Class                          : BoostedTreesClassifier

Schema
------
Number of examples             : 73155
Number of feature columns      : 9
Number of unpacked features    : 29769
Number of classes              : 2

Settings
--------
Number of trees                : 2500
Max tree depth                 : 6
Training time (sec)            : 238.1658
Training accuracy              : 0.9969
Validation accuracy            : 0.9572
Training log_loss              : 0.0279
Validation log_loss            : 0.1136

In [19]:
model_gbm1.evaluate(val_data)

{'accuracy': 0.9571735655624759,
 'auc': 0.9908550741143605,
 'confusion_matrix': Columns:
 	target_label	str
 	predicted_label	str
 	count	int
 
 Rows: 4
 
 Data:
 +---------------+-----------------+-------+
 |  target_label | predicted_label | count |
 +---------------+-----------------+-------+
 |   sarcastic   |    sarcastic    |  9658 |
 |   sarcastic   |  non-sarcastic  |  570  |
 | non-sarcastic |    sarcastic    |  207  |
 | non-sarcastic |  non-sarcastic  |  7708 |
 +---------------+-----------------+-------+
 [4 rows x 3 columns],
 'f1_score': 0.9613298163539542,
 'log_loss': 0.11355411998213585,
 'precision': 0.9790167257982767,
 'recall': 0.9442706296441142,
 'roc_curve': Columns:
 	threshold	float
 	fpr	float
 	tpr	float
 	p	int
 	n	int
 
 Rows: 100001
 
 Data:
 +-----------+----------------+----------------+-------+------+
 | threshold |      fpr       |      tpr       |   p   |  n   |
 +-----------+----------------+----------------+-------+------+
 |    0.0    |      1.0

In [20]:
# Make Predictions
predictions = model_gbm1.classify(test_data)

In [21]:
submit = gl.SFrame({'ID':id,'label':predictions['class']})
submit.head()

ID,label
T000543656,non-sarcastic
T000543657,sarcastic
T000543658,sarcastic
T000543659,non-sarcastic
T000543660,sarcastic
T000543661,non-sarcastic
T000543662,non-sarcastic
T000543663,non-sarcastic
T000543664,sarcastic
T000543665,non-sarcastic


In [22]:
submit.save('data/submit.csv', format='csv')

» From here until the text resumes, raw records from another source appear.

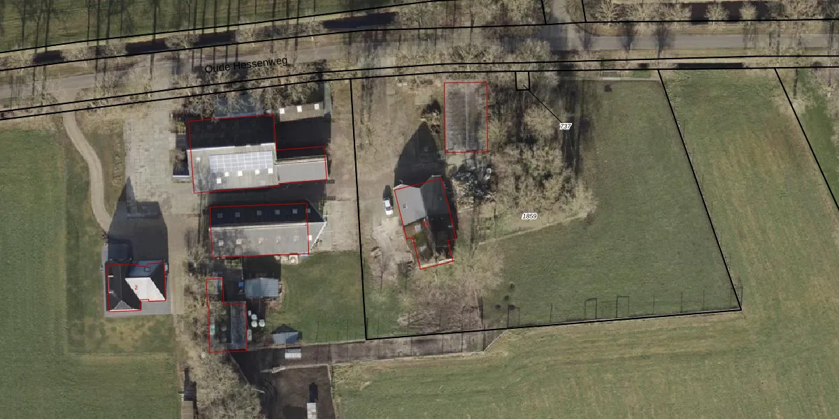 Het perceel waarop Oude Hessenweg 2-A staat heeft een oppervlakte van 4940 m². Dit is een zeer groot perceel. De perceeloppervlakte wordt geregistreerd door het Kadaster. Gedetailleerde informatie over de maten van dit perceel kunt u vinden in het rapport Kadastrale kaart met maatvoering van Oude Hessenweg 2-A.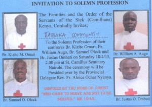Sabato18 aprile, presso il Seminario San Camillo di Nairobi (Kenya), i Confratelli Justus Onsare, Oleck Samuel, William Augo e Kitizo Omari, emetteranno la loro professione solenne di voti religiosi.
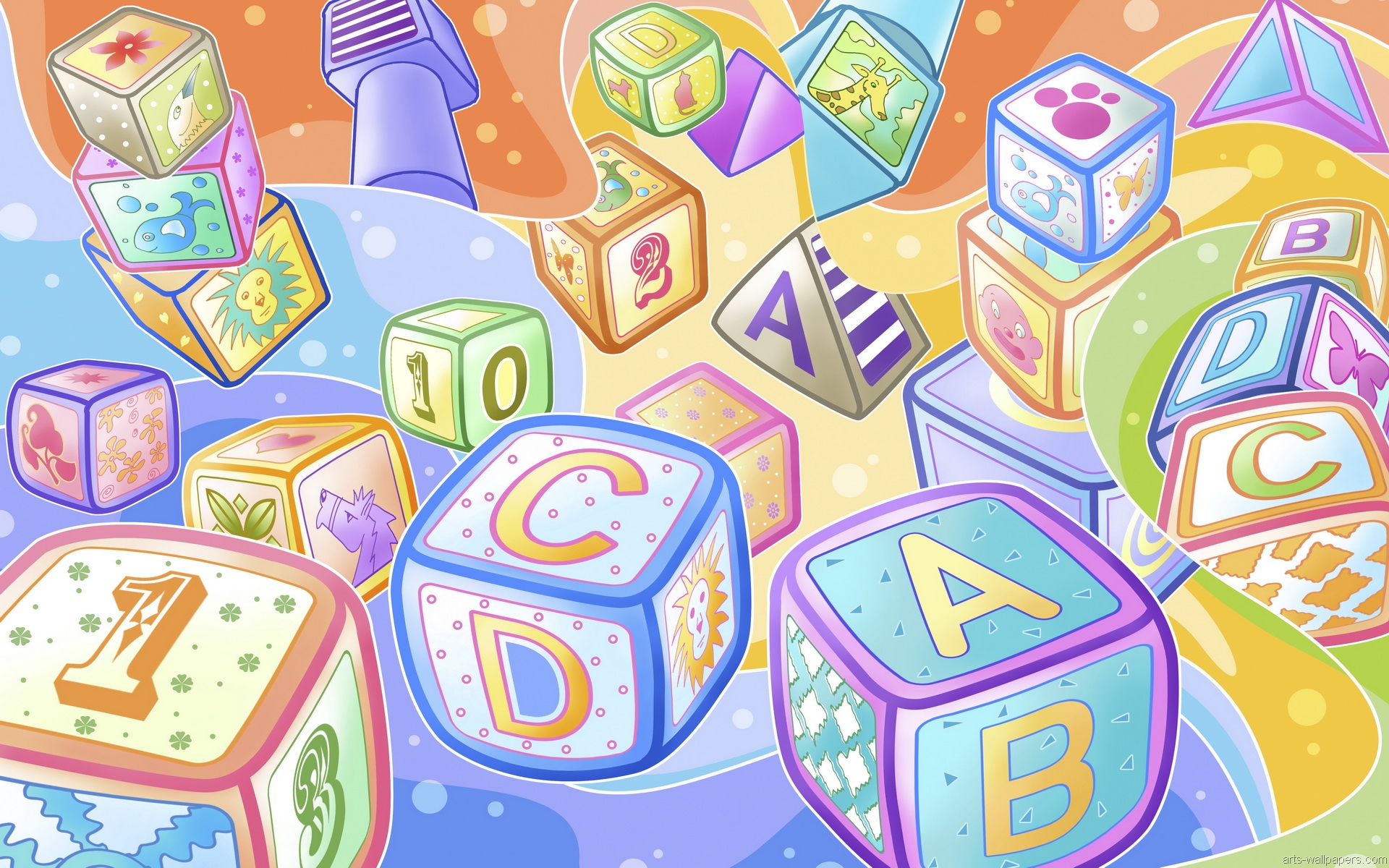 Description: A painting of a bunch of colorful blocks and numbers on a table top with a background of bubbles and stars.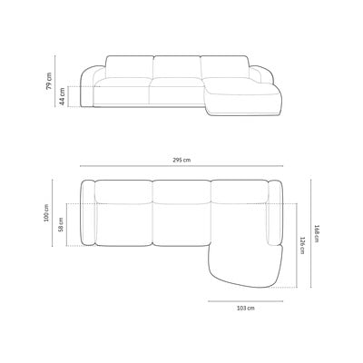 - cu tapițerie din catifeaCu colț pe partea dreaptă/cu șezlongAlbastru închisCu 3 locuriLățime 295 cm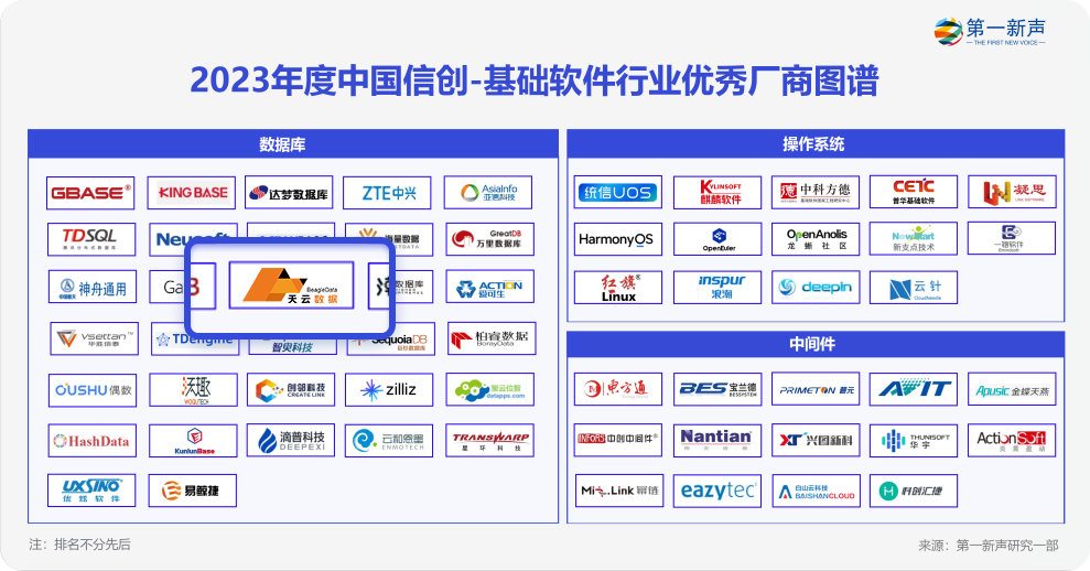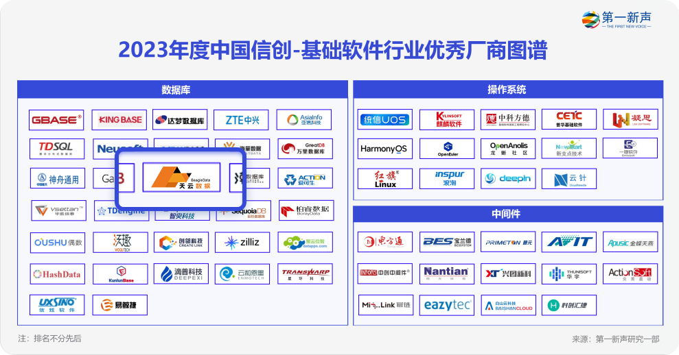 近年来,在国际环境变化、国内数字经济高速发展等多重因素推动下,信创产业进入爆发阶段。依托国家相关政策支持,国内一批芯片、操作系统、数据库、信息安全、办公软件厂商迎来了发展机遇期,自主创新的技术实力和竞争力得到显著提升,营收和利润也均实现快速增长。因此,第一新声研究部通过对信创-基础软件市场进行调研后正式发布《2023年度中国信创-基础软件行业优秀厂商图谱》,天云数据作为自研基础软件厂商成功入选。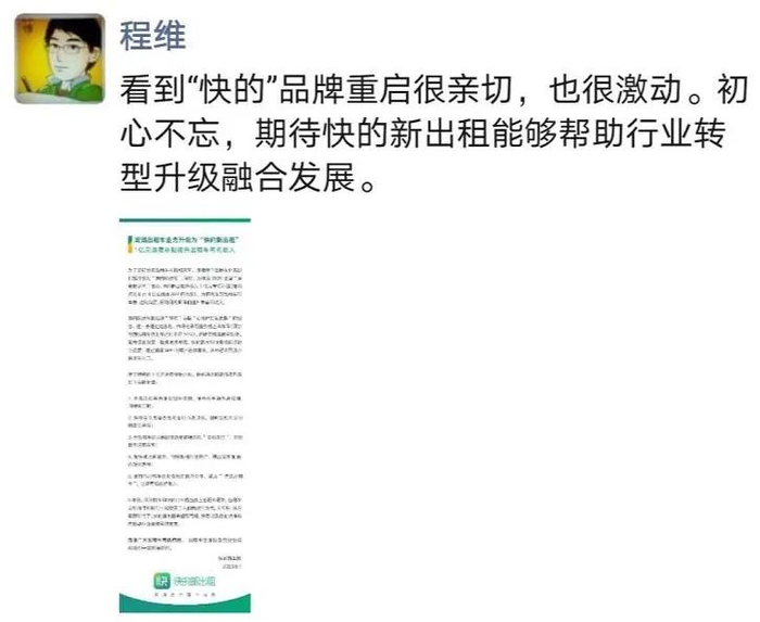 9月1日,程维发了一条朋友圈表示,看到“快的”品牌重启很亲切,也很激动。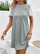 Lace Detail Round Neck Short Sleeve Mini Dress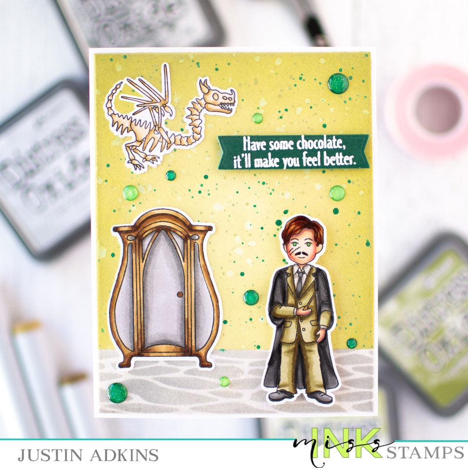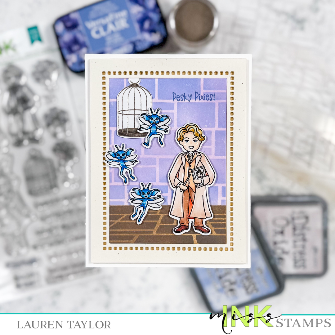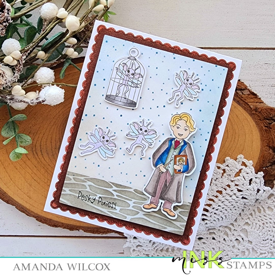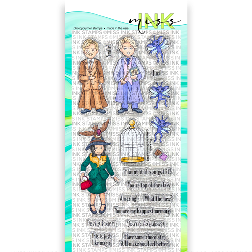 This set includes professors, pixies, a pixie cage, chocolate bar and a variety of sentiments. This is a 4x8 inch clear stamp set.
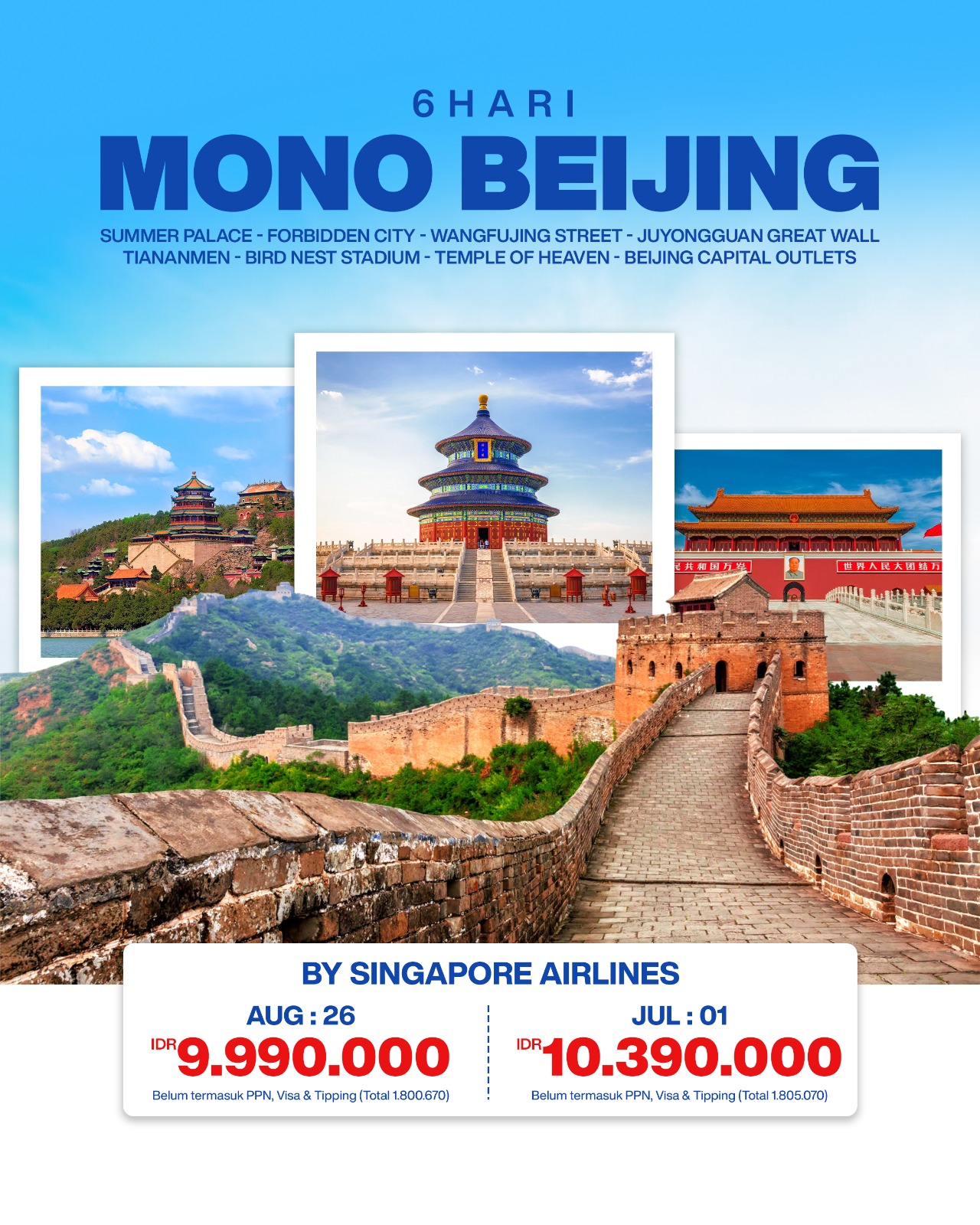 Setelah sarapan, Anda akan mengunjungi Temple of Heaven, yaitu tempat kaisar dahulu memanjatkan doa kepada langit untuk panen yang baik. Lalu Anda akan diantar untuk mengunjungi Beijing Capital Outlets, disana Anda akan mendapatkan waktu bebas yang bisa diisi dengan berbelanja atau mencicipi kuliner lokal. Setelah itu Anda akan diantar menuju ke Bandara untuk melakukan penerbangan kembali ke Jakarta via Singapore.

This scores the following F1 score,

- Validation: 0.96132
- Public LB: 0.6642
- Private LB: 0.619765

As you can see there is a huge gap between Validation and Public LB which makes it tricker.

Including higher order n-grams or skip-grams results in an exponential increase in the number of features in the order of millions.